For every line below, output the text exactly and leave out images.

--- Records to process ---

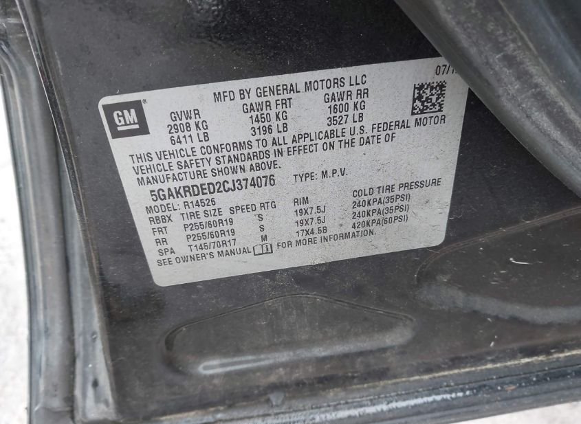 - VIN: 5GAKRDED2CJ374076
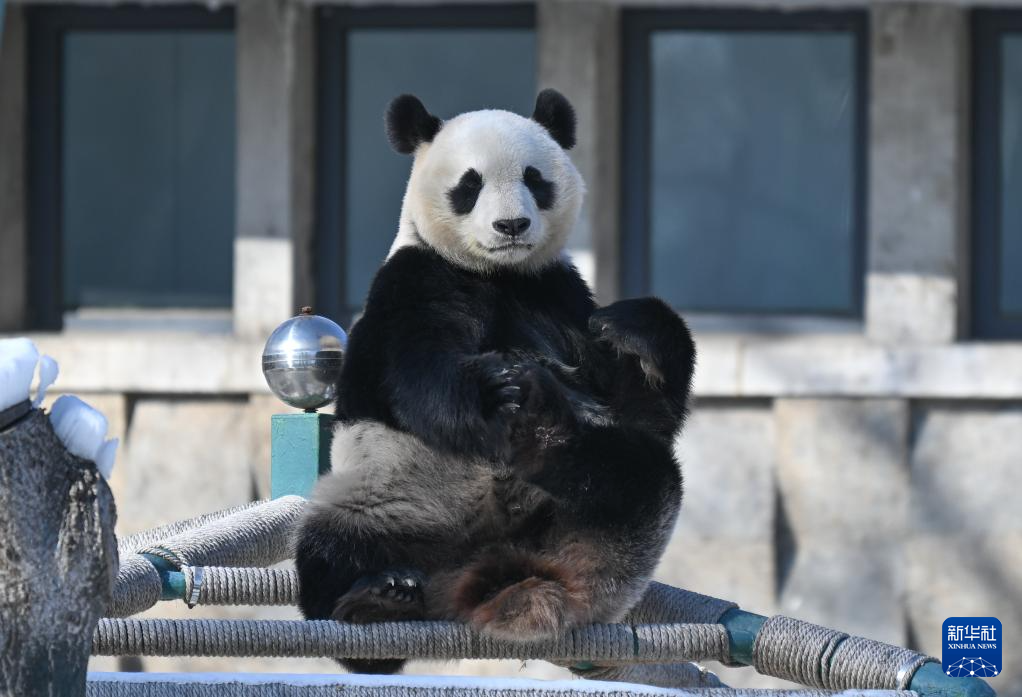 1月27日在天津动物园熊猫馆拍摄的大熊猫“喜乐”。
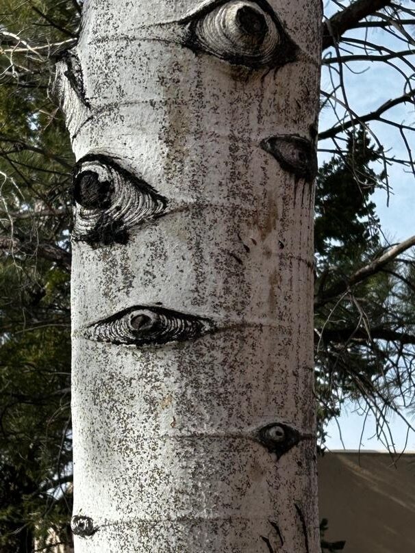 6. Selvi, I just love this! Aspens are one of my favorite trees. When we were children I remember my Dad calling them “quakies”. I thought this was his special name for them…but now I learn from you that this is a common nickname. I love the fall colors…on Los Pueblos, in Los Alamos, and especially up at the ski hill! I remember one year when the tent caterpillars had decimated the leaves up at the Santa Fe Ski Basin. I was riding my bike up there when Ian was having his physical therapy at St. Vincent. The road was covered with squashed caterpillars (from the cars) and the trees were bare. I was told they possibly would grow more leaves? Also, I’ve sometimes seen old “arborglyphs” in the backcountry of NM and CO. (This is when letters are carved in the thin bark.). You might see carvings from the 1800’s…possibly by the Basque herders who were watching the sheep and cattle.). Thank you, Selvi , for writing this.
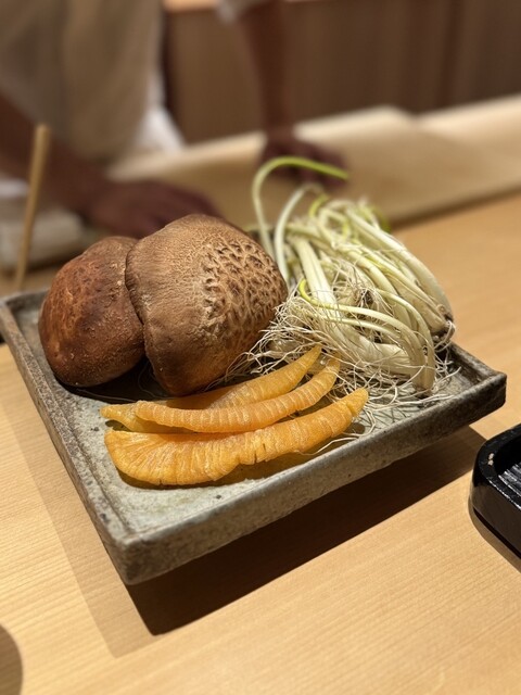 真鴨(岐阜、新潟) お椀で岐阜はメス新潟はオスの食べ比べ。合わせたつくねとネギは(雪の中のあさつきと大阪なんばネギ)
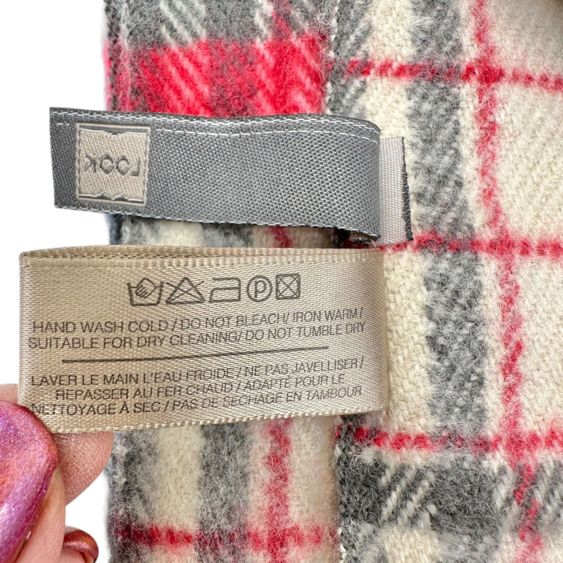Look Plaid Wool and Acrylic Blend Scarf 80 x 27 Red Beige Navy Fringed Edges

---

Worked solution »
 - VIN: 5GAKRDED2CJ374076
 1月27日在天津动物园熊猫馆拍摄的大熊猫“喜乐”。
 6. Selvi, I just love this! Aspens are one of my favorite trees. When we were children I remember my Dad calling them “quakies”. I thought this was his special name for them…but now I learn from you that this is a common nickname. I love the fall colors…on Los Pueblos, in Los Alamos, and especially up at the ski hill! I remember one year when the tent caterpillars had decimated the leaves up at the Santa Fe Ski Basin. I was riding my bike up there when Ian was having his physical therapy at St. Vincent. The road was covered with squashed caterpillars (from the cars) and the trees were bare. I was told they possibly would grow more leaves? Also, I’ve sometimes seen old “arborglyphs” in the backcountry of NM and CO. (This is when letters are carved in the thin bark.). You might see carvings from the 1800’s…possibly by the Basque herders who were watching the sheep and cattle.). Thank you, Selvi , for writing this.
 真鴨(岐阜、新潟) お椀で岐阜はメス新潟はオスの食べ比べ。合わせたつくねとネギは(雪の中のあさつきと大阪なんばネギ)
Look Plaid Wool and Acrylic Blend Scarf 80 x 27 Red Beige Navy Fringed Edges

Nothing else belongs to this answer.